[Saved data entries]
================

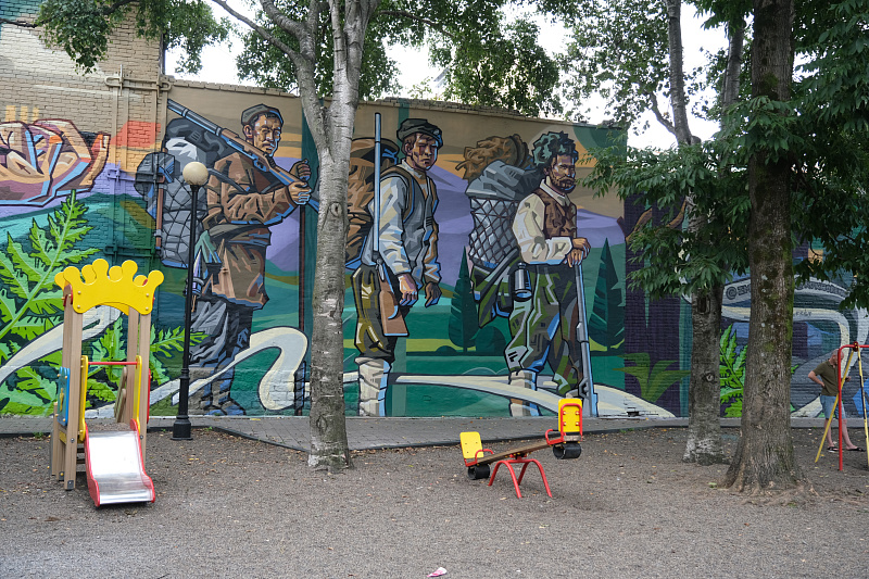 В сквере Городов-побратимов Владивостока появилась масштабная художественная роспись — мурал. На стене изображены символы Дальнего Востока: амурский тигр, известный исследователь Владимир Арсеньев, его проводник Дерсу Узала и бескрайние просторы Уссурийской тайги, сообщает РИА VladNews со ссылкой на пресс-службу администрации Владивостока.
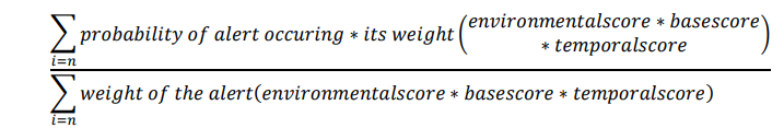 DV=Probability of an alert occurring multiplied by alert weight (base score * environmental score * temporal score) / weight of the alert (base score * temporal score * environmental).
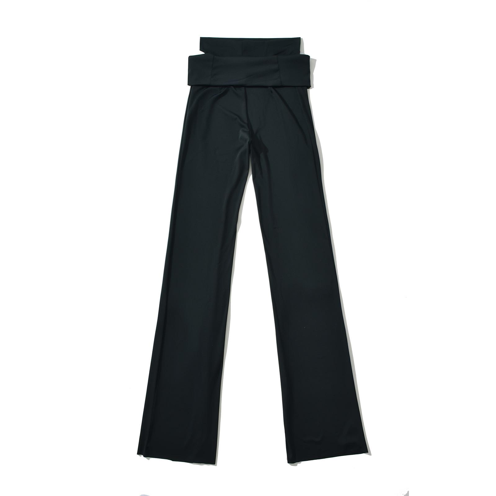 24068-24 Pantalones casuales de verano nuevos de estilo europeo y americano, de cintura alta, con corte calado y elástico alto.
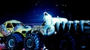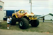 Hulkster was a custom Ford monster truck owned by Bigfoot 4x4 out of St. Louis, Missouri. It was themed after wrestler Hulk Hogan and was the first of several World Championship Wrestling-sponsored trucks to be campaigned by the team throughout the mid-to-late-1990's. The truck debuted for a monster truck sumo match with Dungeon of Doom at WCW's Halloween Havoc in October at Detroit's Cabo Hall. The name was run on various Bigfoot chassis under various drivers, with Bigfoot 15 serving as the base chassis and Eric Meagher serving as the primary driver during its span of competition. It ran in the 1996 Penda Points Series amd was replaced by Stinger towards the end of the season, after Hogan joined the recently-formed nWo on WCW in 1996. Meagher would drive this to a 2nd place finish in points. The truck would later be rebranded as Hollywood Hogan with black paint to match the new colors. The mold for the arms would later be reused for Straight Up Racing trucks including American Bad Ass/Muscle, Beast Mode, El Bandito and Tough Guy/Canadian Tough Guy.
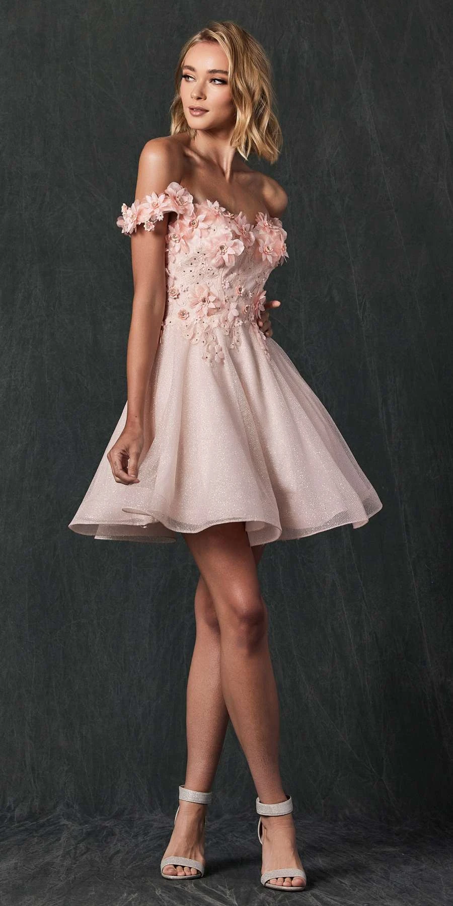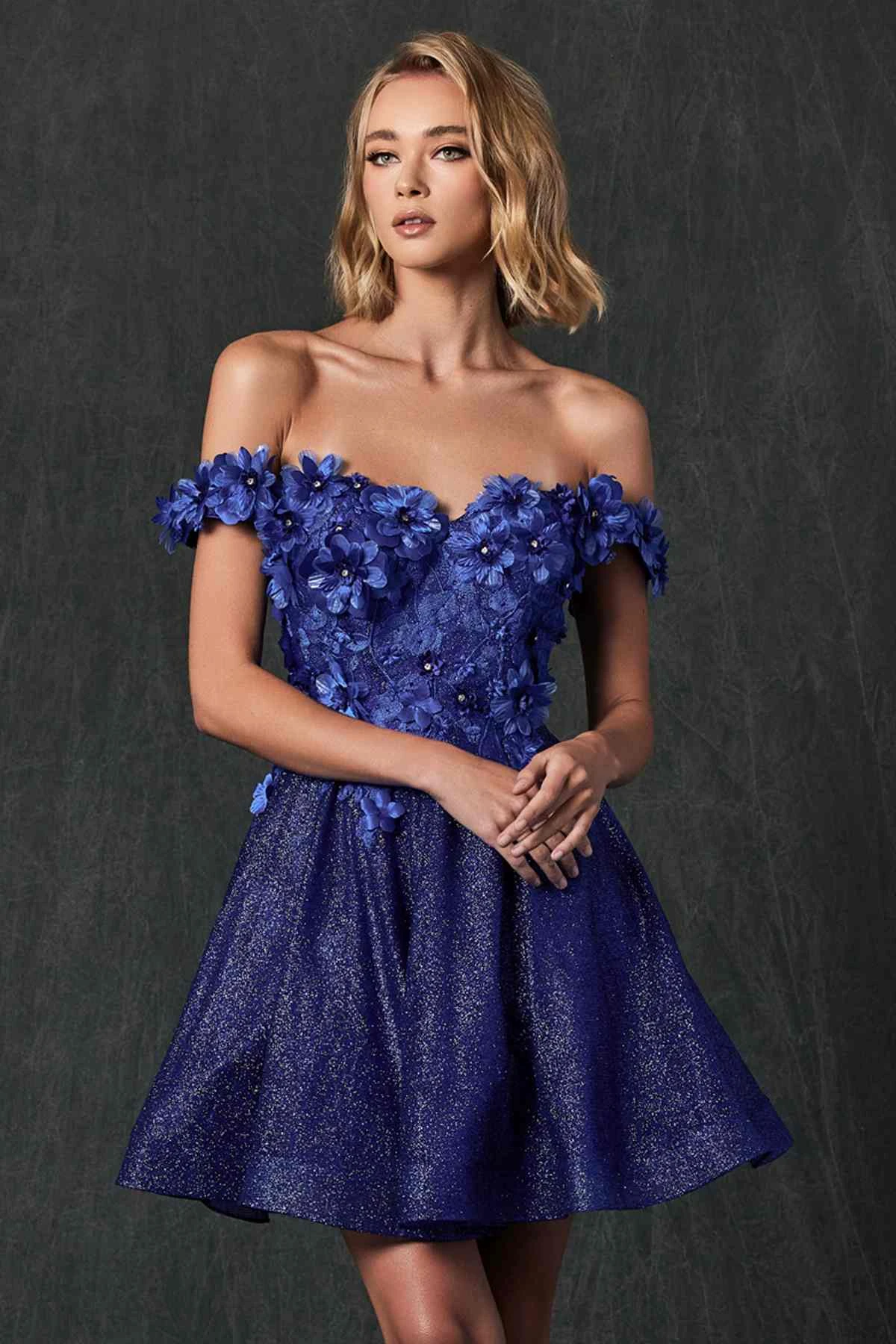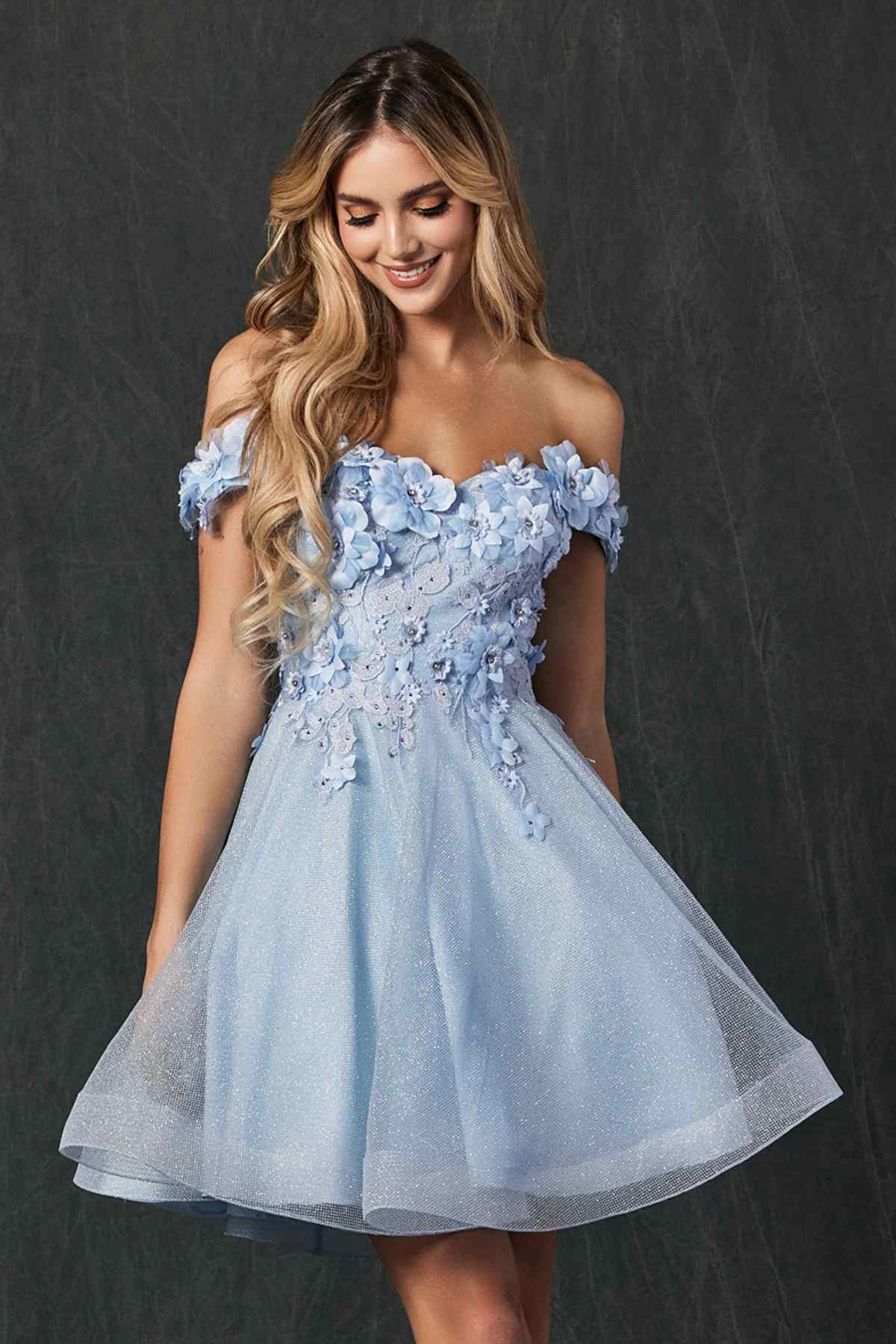 Dazzle the evening in this beautiful short A-line glitter mesh dress by Juliet 861, which features an off the shoulder strap design, with 3D floral applique, rhinestones that accent the bodice and zipper back. A beautiful short fit and flare A-line dress for homecoming, damas, prom or any special occasion!
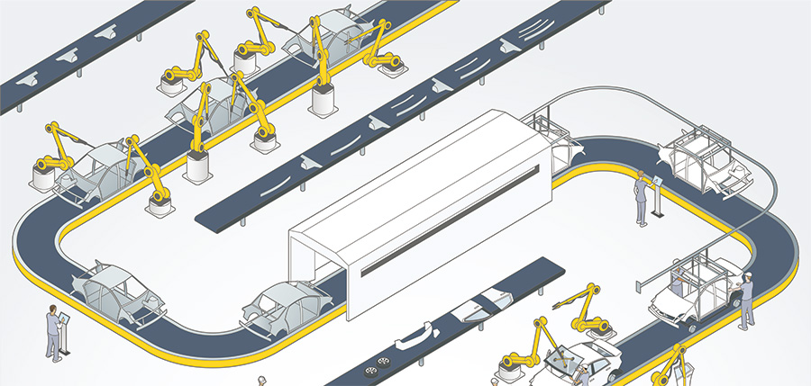 智昌集團通過自主研發的三元控制技術,面向機器人智能互聯、協同融合和群體智能控制,使得自動化裝配線配置產線控制系統LCS和智能化快速換模系統,可與MES/ERP系統有效集成,實現生產計劃生產指令直接下達到裝配線,裝配線自動調用不同產品的控制程序和對應的工裝,實現多種產品混線生產。采用3D視覺高精度定位算法、3D視覺高精度糾偏算法等技術,能夠對多品類、無序來料的汽車零部件精準識別抓取及高精度糾偏裝配。同時,裝配線通過LCS系統,可實時將生產進度及設備狀態信息上傳到MES系統,實現閉環管理。
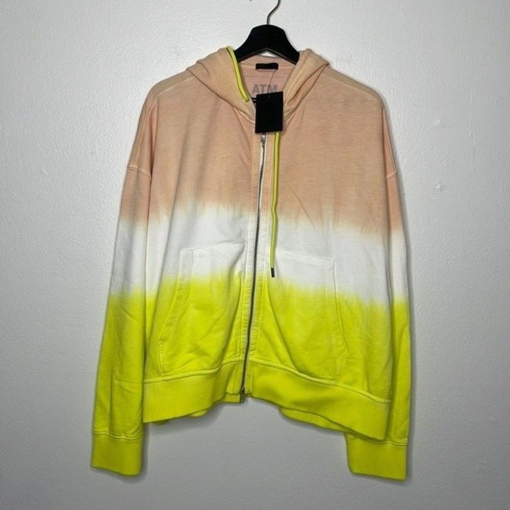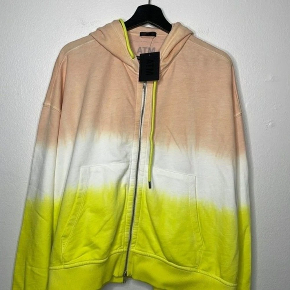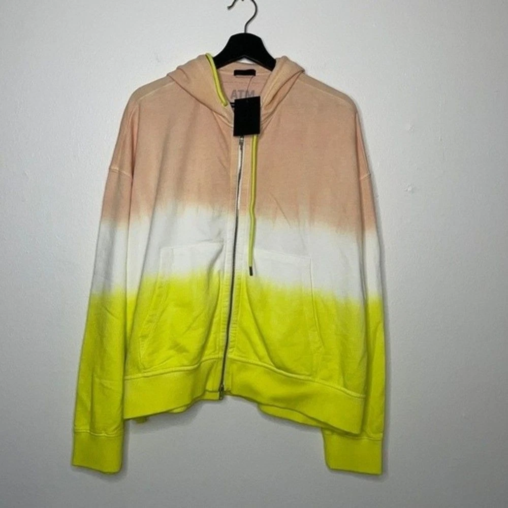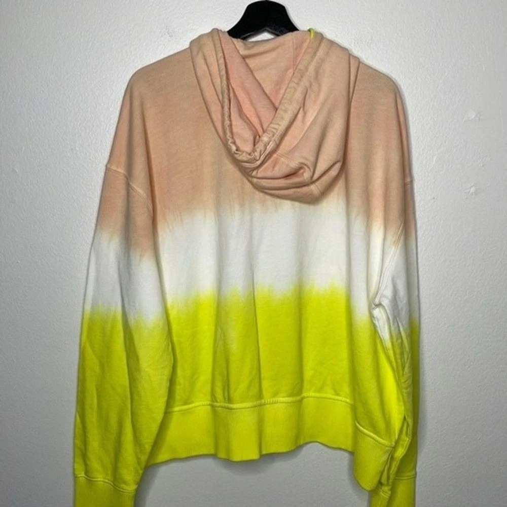 Like a sunrise you can wear, this dip-dyed French terry hoodie brings happy hues and cozy feelings to your day. 22" length (size Medium/Large) Front zip closure Drawstring hood Split kangaroo pocket 100% cotton Hand wash, dry flat Made in Peru True to size. XS/S=0-4, M/L=6-10. Approx measurements laying flat: Pit to Pit: 28.5” Pit to Hem: 13” Shoulder to Hem: 23.5” E 0988
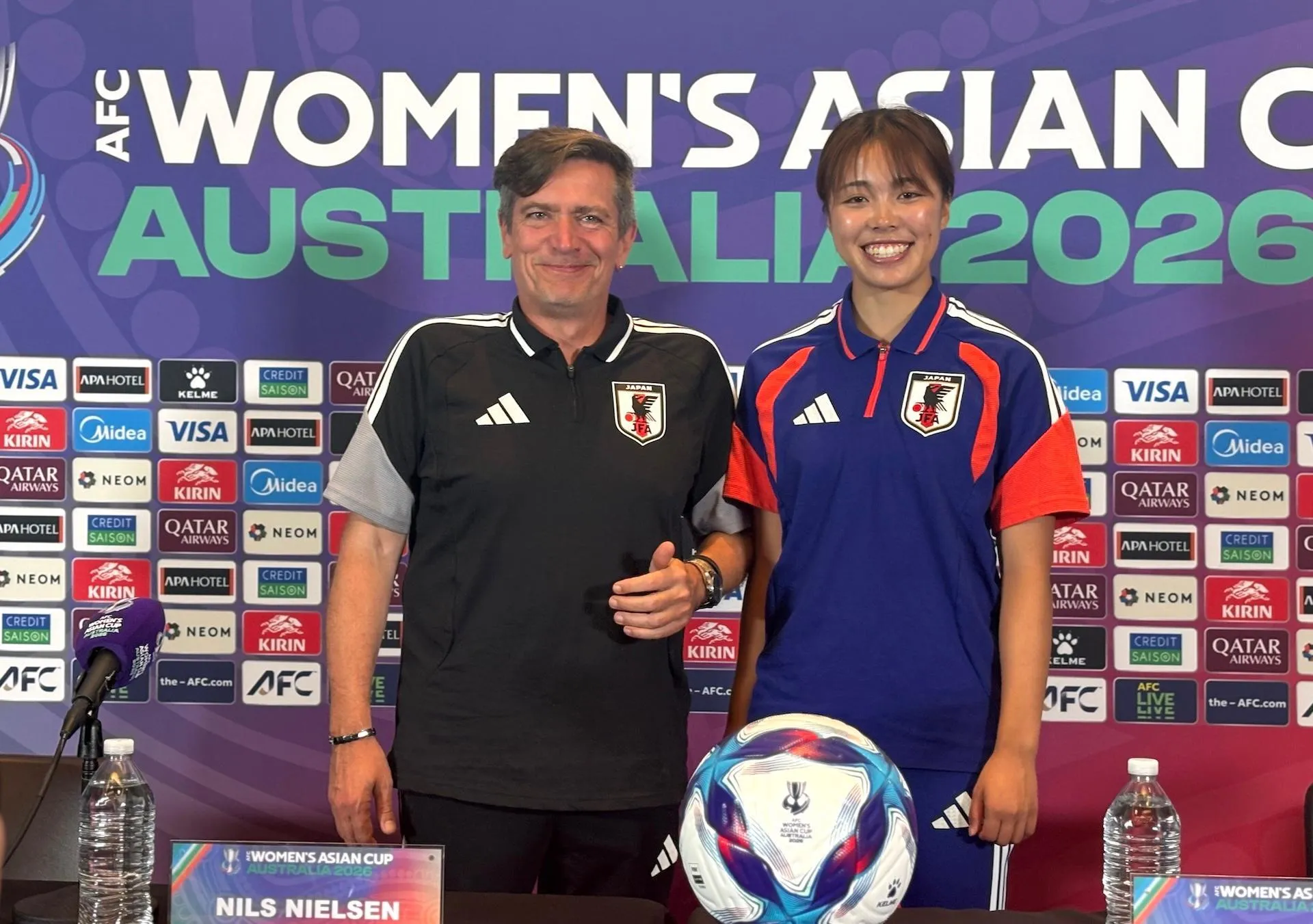 Huấn luyện viên Nielsen và Tanikawa Momoko tại buổi họp báo (Ảnh: Tác giả)

================

▶ TASK DETAILS: Verbatim copy without images: write the records above out in full.

▶ SOLUTION FOR THIS EXERCISE:
 В сквере Городов-побратимов Владивостока появилась масштабная художественная роспись — мурал. На стене изображены символы Дальнего Востока: амурский тигр, известный исследователь Владимир Арсеньев, его проводник Дерсу Узала и бескрайние просторы Уссурийской тайги, сообщает РИА VladNews со ссылкой на пресс-службу администрации Владивостока.
 DV=Probability of an alert occurring multiplied by alert weight (base score * environmental score * temporal score) / weight of the alert (base score * temporal score * environmental).
 24068-24 Pantalones casuales de verano nuevos de estilo europeo y americano, de cintura alta, con corte calado y elástico alto.
 Hulkster was a custom Ford monster truck owned by Bigfoot 4x4 out of St. Louis, Missouri. It was themed after wrestler Hulk Hogan and was the first of several World Championship Wrestling-sponsored trucks to be campaigned by the team throughout the mid-to-late-1990's. The truck debuted for a monster truck sumo match with Dungeon of Doom at WCW's Halloween Havoc in October at Detroit's Cabo Hall. The name was run on various Bigfoot chassis under various drivers, with Bigfoot 15 serving as the base chassis and Eric Meagher serving as the primary driver during its span of competition. It ran in the 1996 Penda Points Series amd was replaced by Stinger towards the end of the season, after Hogan joined the recently-formed nWo on WCW in 1996. Meagher would drive this to a 2nd place finish in points. The truck would later be rebranded as Hollywood Hogan with black paint to match the new colors. The mold for the arms would later be reused for Straight Up Racing trucks including American Bad Ass/Muscle, Beast Mode, El Bandito and Tough Guy/Canadian Tough Guy.
 Dazzle the evening in this beautiful short A-line glitter mesh dress by Juliet 861, which features an off the shoulder strap design, with 3D floral applique, rhinestones that accent the bodice and zipper back. A beautiful short fit and flare A-line dress for homecoming, damas, prom or any special occasion!
 智昌集團通過自主研發的三元控制技術,面向機器人智能互聯、協同融合和群體智能控制,使得自動化裝配線配置產線控制系統LCS和智能化快速換模系統,可與MES/ERP系統有效集成,實現生產計劃生產指令直接下達到裝配線,裝配線自動調用不同產品的控制程序和對應的工裝,實現多種產品混線生產。采用3D視覺高精度定位算法、3D視覺高精度糾偏算法等技術,能夠對多品類、無序來料的汽車零部件精準識別抓取及高精度糾偏裝配。同時,裝配線通過LCS系統,可實時將生產進度及設備狀態信息上傳到MES系統,實現閉環管理。
 Like a sunrise you can wear, this dip-dyed French terry hoodie brings happy hues and cozy feelings to your day. 22" length (size Medium/Large) Front zip closure Drawstring hood Split kangaroo pocket 100% cotton Hand wash, dry flat Made in Peru True to size. XS/S=0-4, M/L=6-10. Approx measurements laying flat: Pit to Pit: 28.5” Pit to Hem: 13” Shoulder to Hem: 23.5” E 0988
 Huấn luyện viên Nielsen và Tanikawa Momoko tại buổi họp báo (Ảnh: Tác giả)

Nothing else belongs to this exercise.